# What you should do
Your answer must be the listing repeated word for word, without its pictures.

# Dataset content

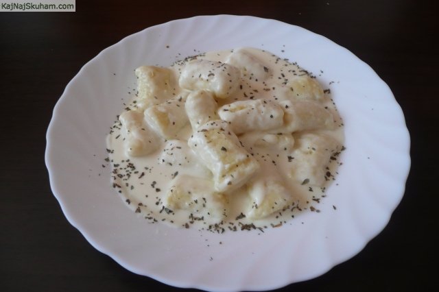 Njoke na hitro popečemo na olju. Zalijemo jih s smetano za kuhanje in potresemo z naribanim sirom. Dobro premešamo in pregrejemo omako.
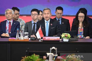 Menlu Singapura Vivian Balakrishnan (tengah) berbicara dalam Pertemuan Menteri Luar Negeri ASEAN (PMC) bersama Menlu India Subrahmanyam Jaishankar di Jakarta, Kamis (13/7/2023). ANTARA FOTO/Aditya Pradana Putra/nym.
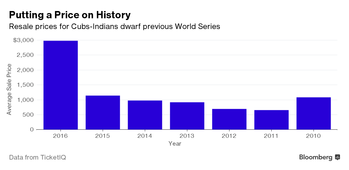 The most expensive pair of tickets were going for $30,000 apiece, located in the dugout box. On average, 2016 World Series tickets have sold for $2,983.46, the highest in league history, according to Eben Novy-Williams from Bloomberg with data from Ticket IQ.

# Solved problem
 Njoke na hitro popečemo na olju. Zalijemo jih s smetano za kuhanje in potresemo z naribanim sirom. Dobro premešamo in pregrejemo omako.
 Menlu Singapura Vivian Balakrishnan (tengah) berbicara dalam Pertemuan Menteri Luar Negeri ASEAN (PMC) bersama Menlu India Subrahmanyam Jaishankar di Jakarta, Kamis (13/7/2023). ANTARA FOTO/Aditya Pradana Putra/nym.
 The most expensive pair of tickets were going for $30,000 apiece, located in the dugout box. On average, 2016 World Series tickets have sold for $2,983.46, the highest in league history, according to Eben Novy-Williams from Bloomberg with data from Ticket IQ.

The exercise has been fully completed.